■ **Required work**
Sift through the material below and return the lines with "their".

■ **Records supplied**

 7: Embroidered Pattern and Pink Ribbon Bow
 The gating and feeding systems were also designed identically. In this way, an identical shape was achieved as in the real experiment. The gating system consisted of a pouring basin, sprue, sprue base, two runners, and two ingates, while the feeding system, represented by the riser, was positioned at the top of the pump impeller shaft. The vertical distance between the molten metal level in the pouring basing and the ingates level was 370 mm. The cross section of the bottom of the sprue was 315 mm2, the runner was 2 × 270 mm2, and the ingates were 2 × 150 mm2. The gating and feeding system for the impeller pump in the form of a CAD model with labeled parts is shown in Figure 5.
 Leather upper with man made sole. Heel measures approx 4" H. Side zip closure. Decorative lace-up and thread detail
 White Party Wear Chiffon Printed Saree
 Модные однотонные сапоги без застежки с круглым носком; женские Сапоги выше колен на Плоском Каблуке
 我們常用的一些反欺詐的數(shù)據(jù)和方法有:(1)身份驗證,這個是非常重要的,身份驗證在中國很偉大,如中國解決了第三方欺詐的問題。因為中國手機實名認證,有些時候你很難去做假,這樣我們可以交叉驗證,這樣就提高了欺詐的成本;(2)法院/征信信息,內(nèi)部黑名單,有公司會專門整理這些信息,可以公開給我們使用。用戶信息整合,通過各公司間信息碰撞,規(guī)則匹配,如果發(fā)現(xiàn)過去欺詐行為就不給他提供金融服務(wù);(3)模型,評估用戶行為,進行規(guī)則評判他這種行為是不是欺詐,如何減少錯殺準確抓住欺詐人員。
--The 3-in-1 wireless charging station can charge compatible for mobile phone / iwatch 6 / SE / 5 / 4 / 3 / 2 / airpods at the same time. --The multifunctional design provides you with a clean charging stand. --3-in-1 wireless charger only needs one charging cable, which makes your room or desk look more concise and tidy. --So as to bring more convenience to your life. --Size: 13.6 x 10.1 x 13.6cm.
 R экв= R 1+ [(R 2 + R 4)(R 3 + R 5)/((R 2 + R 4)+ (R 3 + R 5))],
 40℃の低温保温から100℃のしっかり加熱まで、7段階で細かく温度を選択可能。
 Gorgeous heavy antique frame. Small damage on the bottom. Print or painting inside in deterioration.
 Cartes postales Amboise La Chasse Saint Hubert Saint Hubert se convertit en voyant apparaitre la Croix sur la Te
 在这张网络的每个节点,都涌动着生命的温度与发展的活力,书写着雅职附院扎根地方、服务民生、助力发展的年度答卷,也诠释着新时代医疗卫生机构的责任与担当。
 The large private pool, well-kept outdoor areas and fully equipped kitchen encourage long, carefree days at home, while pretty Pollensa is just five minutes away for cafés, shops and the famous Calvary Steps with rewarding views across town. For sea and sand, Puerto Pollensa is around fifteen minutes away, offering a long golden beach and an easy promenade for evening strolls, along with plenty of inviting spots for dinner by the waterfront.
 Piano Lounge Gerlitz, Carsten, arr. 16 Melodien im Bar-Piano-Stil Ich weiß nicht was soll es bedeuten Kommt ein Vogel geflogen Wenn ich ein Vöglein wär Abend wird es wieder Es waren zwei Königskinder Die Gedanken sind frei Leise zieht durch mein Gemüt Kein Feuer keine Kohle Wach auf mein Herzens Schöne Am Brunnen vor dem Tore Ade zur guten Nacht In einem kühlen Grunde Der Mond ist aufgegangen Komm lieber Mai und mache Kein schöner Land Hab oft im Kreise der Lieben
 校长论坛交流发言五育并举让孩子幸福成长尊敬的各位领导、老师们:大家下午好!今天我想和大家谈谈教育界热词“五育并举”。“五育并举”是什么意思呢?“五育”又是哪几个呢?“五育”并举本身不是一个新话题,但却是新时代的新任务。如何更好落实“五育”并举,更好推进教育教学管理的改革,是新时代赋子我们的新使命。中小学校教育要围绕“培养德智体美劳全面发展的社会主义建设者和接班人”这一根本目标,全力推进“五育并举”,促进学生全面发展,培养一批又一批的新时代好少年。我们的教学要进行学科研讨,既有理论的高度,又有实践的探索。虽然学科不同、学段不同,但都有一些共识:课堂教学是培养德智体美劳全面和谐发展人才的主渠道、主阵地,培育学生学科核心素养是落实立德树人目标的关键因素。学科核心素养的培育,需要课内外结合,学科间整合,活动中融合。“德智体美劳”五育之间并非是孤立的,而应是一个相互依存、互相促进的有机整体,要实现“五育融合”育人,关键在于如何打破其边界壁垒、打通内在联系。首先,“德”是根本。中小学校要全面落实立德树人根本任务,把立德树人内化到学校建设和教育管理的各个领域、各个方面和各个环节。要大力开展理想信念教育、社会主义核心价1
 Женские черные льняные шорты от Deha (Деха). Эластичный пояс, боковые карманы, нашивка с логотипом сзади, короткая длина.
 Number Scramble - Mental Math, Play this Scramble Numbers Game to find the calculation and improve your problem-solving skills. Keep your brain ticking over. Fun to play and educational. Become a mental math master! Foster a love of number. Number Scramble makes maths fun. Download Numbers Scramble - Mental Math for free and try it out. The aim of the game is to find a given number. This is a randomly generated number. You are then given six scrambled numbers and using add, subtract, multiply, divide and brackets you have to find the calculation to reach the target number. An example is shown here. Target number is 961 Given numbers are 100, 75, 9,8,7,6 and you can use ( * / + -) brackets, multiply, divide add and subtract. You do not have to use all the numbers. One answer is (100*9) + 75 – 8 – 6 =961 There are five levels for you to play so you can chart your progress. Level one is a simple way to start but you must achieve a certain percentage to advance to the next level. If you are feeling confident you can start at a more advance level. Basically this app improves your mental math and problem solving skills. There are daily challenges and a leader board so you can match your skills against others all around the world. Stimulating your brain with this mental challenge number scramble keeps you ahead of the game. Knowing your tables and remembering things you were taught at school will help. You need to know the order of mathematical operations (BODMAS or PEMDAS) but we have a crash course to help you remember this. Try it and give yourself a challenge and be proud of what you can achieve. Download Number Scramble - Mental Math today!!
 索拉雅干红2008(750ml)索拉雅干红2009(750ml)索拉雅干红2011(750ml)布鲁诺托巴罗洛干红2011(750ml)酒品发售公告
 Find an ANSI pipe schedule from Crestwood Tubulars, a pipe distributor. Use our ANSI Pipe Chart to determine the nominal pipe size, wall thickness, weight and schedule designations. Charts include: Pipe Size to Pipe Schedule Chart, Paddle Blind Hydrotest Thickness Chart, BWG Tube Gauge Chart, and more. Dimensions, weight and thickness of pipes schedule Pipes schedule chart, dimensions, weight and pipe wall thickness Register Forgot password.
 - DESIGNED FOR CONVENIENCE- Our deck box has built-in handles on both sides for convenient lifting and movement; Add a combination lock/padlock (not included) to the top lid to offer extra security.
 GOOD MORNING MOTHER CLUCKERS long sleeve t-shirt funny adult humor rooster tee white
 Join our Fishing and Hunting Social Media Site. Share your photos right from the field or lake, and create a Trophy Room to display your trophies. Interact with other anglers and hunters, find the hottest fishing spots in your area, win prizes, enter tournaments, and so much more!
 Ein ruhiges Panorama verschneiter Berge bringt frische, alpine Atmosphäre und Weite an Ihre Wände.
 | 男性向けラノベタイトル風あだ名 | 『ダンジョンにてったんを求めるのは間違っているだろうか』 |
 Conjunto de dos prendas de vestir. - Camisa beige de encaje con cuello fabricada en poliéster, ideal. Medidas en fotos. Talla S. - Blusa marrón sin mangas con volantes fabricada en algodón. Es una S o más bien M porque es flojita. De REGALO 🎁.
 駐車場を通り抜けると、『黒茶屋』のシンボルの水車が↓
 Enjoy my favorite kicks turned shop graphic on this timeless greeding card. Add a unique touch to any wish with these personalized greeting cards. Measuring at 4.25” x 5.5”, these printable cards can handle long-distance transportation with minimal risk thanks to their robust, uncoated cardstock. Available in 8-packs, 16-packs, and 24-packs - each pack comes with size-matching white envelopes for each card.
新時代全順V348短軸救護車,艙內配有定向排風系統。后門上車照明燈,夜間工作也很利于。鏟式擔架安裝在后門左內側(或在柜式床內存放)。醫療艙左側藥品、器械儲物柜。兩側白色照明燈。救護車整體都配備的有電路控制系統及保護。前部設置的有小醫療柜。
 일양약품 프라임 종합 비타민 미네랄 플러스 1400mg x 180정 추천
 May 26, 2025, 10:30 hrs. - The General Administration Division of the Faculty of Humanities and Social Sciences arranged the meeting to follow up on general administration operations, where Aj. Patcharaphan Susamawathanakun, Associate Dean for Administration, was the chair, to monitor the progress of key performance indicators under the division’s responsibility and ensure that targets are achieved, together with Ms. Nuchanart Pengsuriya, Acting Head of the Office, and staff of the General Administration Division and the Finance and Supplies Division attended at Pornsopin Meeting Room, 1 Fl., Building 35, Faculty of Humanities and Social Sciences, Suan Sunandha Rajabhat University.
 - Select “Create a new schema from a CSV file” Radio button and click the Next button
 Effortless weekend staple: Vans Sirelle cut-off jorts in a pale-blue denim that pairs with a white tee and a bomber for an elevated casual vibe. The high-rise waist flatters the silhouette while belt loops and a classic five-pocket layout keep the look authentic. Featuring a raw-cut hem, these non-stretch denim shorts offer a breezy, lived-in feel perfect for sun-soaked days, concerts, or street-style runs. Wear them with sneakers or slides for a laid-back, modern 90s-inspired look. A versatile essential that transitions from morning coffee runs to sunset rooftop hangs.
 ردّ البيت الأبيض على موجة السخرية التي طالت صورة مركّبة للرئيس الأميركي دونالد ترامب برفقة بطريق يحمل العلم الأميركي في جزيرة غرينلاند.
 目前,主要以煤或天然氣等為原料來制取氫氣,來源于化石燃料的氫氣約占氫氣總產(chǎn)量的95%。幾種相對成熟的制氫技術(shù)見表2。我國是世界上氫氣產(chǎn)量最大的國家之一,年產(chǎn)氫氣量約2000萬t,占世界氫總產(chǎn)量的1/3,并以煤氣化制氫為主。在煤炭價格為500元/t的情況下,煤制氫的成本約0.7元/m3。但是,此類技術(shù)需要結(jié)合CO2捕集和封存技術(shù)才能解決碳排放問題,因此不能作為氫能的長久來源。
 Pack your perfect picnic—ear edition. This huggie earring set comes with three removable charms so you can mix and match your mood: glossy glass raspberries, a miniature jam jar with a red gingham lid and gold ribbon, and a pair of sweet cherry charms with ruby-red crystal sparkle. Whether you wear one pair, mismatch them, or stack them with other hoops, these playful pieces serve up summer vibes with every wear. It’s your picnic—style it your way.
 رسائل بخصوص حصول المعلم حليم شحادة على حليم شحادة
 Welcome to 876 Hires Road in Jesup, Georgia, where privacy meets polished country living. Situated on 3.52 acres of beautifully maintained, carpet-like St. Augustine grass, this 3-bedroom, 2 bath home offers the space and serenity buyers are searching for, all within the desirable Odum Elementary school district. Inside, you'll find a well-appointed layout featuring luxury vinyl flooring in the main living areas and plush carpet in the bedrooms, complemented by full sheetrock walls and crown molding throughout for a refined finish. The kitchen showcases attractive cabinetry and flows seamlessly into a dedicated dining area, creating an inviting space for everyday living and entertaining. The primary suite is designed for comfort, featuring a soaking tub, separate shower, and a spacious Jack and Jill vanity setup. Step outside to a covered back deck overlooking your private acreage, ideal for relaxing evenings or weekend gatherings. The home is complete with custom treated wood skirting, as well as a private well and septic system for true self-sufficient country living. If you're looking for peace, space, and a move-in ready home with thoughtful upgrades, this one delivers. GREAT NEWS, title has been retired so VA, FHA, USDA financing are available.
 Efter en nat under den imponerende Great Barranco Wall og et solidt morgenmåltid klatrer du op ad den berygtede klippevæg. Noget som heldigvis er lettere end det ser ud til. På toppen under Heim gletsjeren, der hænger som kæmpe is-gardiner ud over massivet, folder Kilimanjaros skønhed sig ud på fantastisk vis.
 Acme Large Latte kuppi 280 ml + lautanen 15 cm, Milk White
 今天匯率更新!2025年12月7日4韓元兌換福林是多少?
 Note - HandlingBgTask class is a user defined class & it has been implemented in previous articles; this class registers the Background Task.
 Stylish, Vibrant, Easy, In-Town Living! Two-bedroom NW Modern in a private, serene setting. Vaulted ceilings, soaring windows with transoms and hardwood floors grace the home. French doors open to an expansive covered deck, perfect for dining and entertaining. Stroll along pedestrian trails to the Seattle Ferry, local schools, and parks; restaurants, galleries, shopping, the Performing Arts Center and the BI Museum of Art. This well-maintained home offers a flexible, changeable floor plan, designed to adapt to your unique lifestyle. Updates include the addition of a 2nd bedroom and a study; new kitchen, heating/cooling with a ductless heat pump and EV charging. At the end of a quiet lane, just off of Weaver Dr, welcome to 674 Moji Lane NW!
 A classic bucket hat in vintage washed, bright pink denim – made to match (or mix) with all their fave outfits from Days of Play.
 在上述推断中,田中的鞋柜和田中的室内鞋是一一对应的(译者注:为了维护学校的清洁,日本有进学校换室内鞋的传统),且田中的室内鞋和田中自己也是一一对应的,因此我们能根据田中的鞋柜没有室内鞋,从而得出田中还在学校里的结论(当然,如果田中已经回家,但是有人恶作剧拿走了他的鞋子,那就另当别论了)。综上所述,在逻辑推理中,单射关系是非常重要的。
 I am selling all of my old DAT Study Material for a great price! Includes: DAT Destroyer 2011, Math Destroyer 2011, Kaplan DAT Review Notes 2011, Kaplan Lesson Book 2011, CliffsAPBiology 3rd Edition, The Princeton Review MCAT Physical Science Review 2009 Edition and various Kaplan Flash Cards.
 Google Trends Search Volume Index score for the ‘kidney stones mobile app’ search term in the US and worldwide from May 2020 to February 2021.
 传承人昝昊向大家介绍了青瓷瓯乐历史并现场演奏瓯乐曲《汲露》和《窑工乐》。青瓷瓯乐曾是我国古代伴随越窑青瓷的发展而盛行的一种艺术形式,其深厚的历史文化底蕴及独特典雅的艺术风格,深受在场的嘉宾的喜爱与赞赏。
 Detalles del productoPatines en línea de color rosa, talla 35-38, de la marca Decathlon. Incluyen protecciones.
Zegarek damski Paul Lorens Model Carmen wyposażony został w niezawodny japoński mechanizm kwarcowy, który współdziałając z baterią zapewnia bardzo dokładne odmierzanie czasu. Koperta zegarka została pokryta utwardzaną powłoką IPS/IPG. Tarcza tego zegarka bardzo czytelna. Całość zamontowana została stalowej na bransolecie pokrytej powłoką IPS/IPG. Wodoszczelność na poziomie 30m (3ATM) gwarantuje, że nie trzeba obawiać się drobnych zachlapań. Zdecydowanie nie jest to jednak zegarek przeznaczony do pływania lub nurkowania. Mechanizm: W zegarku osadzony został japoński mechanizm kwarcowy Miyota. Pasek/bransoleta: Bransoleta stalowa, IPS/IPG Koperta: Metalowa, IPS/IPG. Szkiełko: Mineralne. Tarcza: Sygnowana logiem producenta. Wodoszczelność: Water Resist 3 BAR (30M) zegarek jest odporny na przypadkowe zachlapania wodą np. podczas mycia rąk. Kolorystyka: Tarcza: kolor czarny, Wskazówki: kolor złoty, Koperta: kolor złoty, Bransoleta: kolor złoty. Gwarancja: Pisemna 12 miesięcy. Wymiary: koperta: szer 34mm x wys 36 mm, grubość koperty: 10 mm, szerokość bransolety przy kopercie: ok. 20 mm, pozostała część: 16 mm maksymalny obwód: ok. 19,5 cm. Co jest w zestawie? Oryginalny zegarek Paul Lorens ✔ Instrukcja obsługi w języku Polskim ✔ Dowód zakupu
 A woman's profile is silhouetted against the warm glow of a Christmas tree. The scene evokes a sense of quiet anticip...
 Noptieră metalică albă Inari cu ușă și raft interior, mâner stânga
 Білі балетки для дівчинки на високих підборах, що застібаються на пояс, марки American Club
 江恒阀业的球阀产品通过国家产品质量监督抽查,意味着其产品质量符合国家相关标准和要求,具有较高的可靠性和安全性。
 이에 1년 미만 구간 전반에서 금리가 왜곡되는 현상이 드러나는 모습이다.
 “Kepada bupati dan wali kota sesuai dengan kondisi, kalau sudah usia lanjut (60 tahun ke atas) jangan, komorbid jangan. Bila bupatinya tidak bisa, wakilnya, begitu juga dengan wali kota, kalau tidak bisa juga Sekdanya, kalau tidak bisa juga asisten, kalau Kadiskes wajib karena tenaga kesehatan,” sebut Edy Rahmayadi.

■ **Written reply**
 Enjoy my favorite kicks turned shop graphic on this timeless greeding card. Add a unique touch to any wish with these personalized greeting cards. Measuring at 4.25” x 5.5”, these printable cards can handle long-distance transportation with minimal risk thanks to their robust, uncoated cardstock. Available in 8-packs, 16-packs, and 24-packs - each pack comes with size-matching white envelopes for each card.
 A classic bucket hat in vintage washed, bright pink denim – made to match (or mix) with all their fave outfits from Days of Play.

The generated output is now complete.